* Goal of the exercise
Among the lines of the listing below, retype exactly those from the one containing "GB/T 1480-2012: Metallic" through the one containing "ミルクも哺乳瓶もない。保護す", both included. Do not include pictures.

* Provided entries
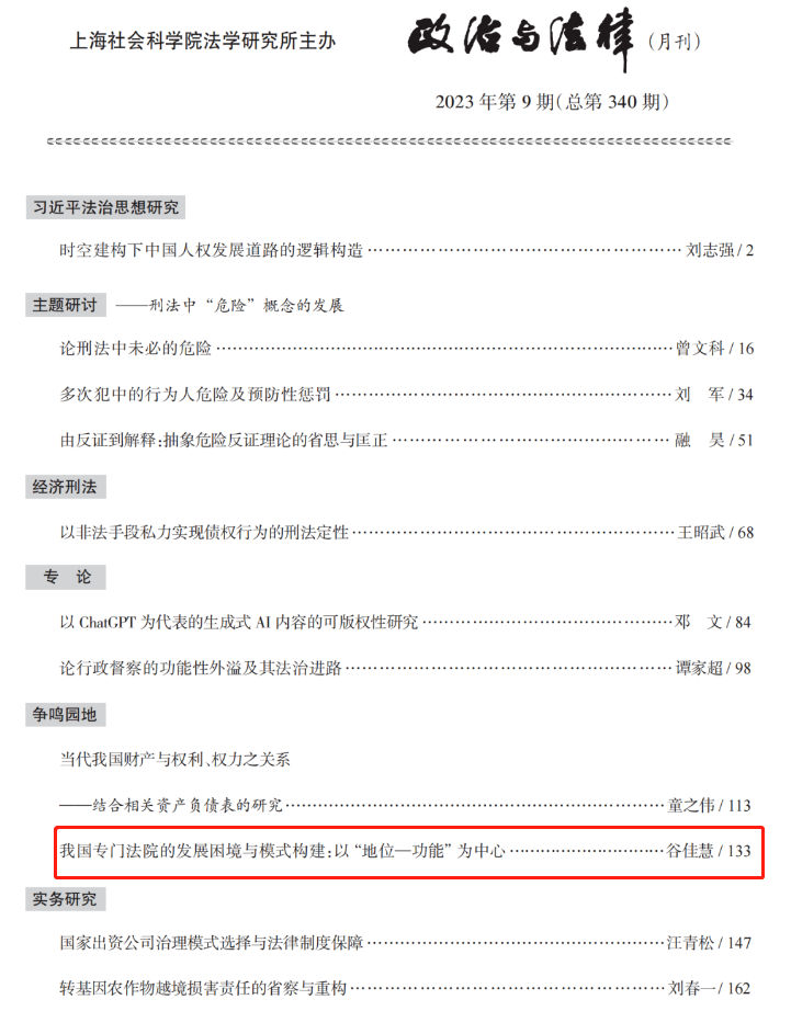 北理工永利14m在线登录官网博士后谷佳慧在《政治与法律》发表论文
* * *
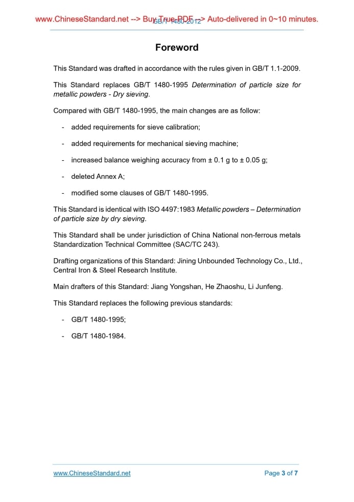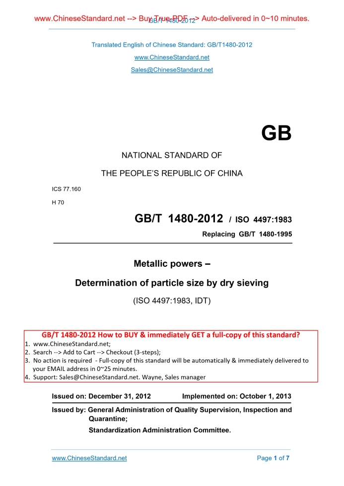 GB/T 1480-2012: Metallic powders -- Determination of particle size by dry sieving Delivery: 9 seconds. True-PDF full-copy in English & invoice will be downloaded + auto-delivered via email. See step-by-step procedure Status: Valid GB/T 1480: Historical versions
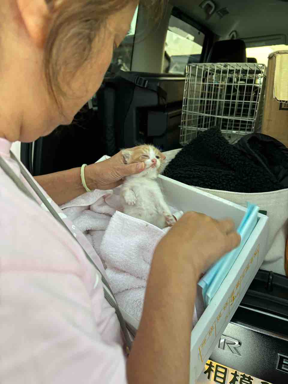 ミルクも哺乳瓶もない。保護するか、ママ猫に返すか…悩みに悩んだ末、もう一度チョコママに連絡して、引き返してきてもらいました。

* The completed task
 GB/T 1480-2012: Metallic powders -- Determination of particle size by dry sieving Delivery: 9 seconds. True-PDF full-copy in English & invoice will be downloaded + auto-delivered via email. See step-by-step procedure Status: Valid GB/T 1480: Historical versions
 ミルクも哺乳瓶もない。保護するか、ママ猫に返すか…悩みに悩んだ末、もう一度チョコママに連絡して、引き返してきてもらいました。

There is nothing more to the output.